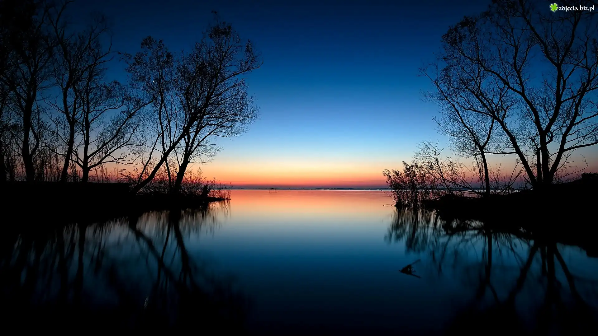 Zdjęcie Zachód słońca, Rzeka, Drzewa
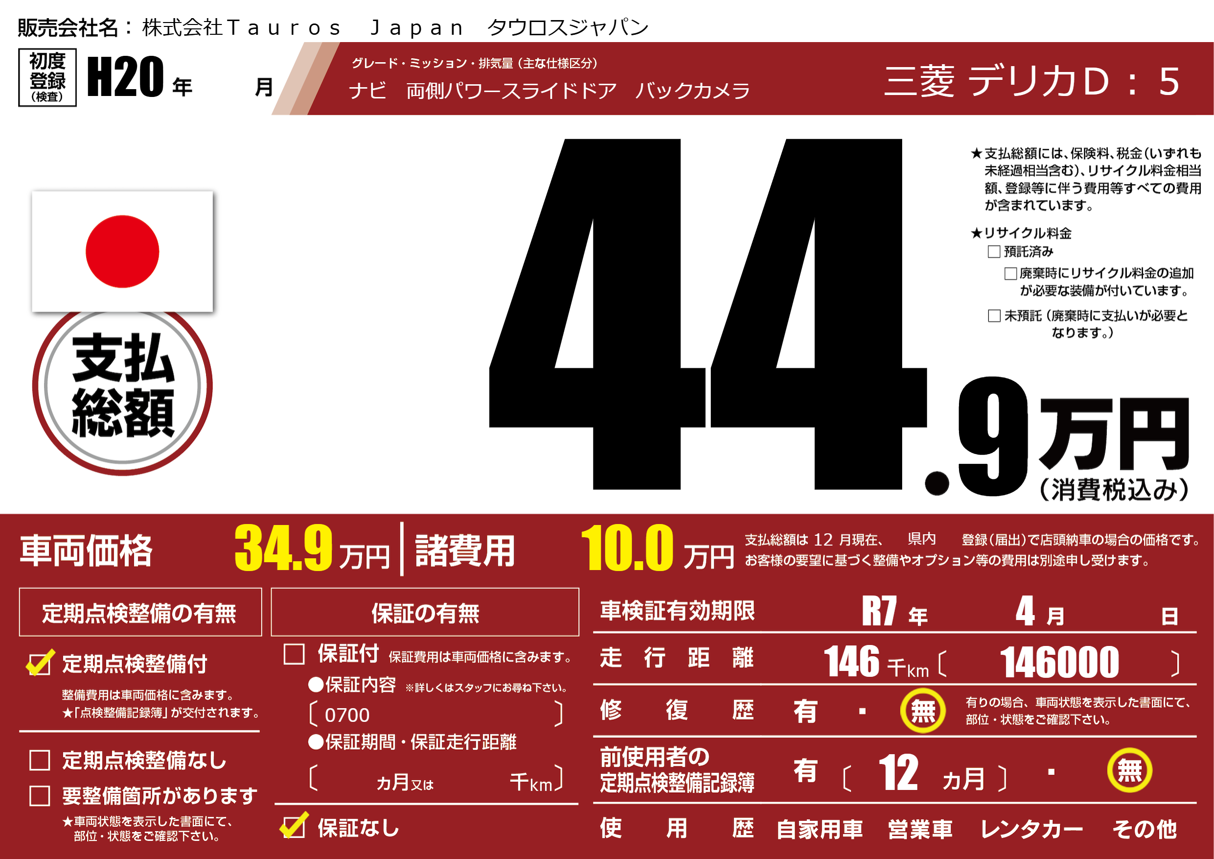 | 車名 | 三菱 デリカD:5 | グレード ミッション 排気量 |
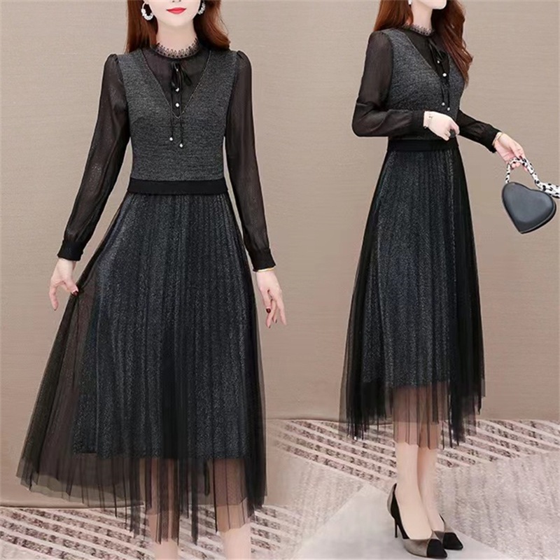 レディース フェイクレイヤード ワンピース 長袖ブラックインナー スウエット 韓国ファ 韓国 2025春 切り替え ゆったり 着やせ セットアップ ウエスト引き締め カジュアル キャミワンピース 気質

**YOUR INSTRUCTIONS**
Print the material above exactly, skipping its images.

**ANSWER TO THIS EXERCISE**
 Zdjęcie Zachód słońca, Rzeka, Drzewa
 | 車名 | 三菱 デリカD:5 | グレード ミッション 排気量 |
 レディース フェイクレイヤード ワンピース 長袖ブラックインナー スウエット 韓国ファ 韓国 2025春 切り替え ゆったり 着やせ セットアップ ウエスト引き締め カジュアル キャミワンピース 気質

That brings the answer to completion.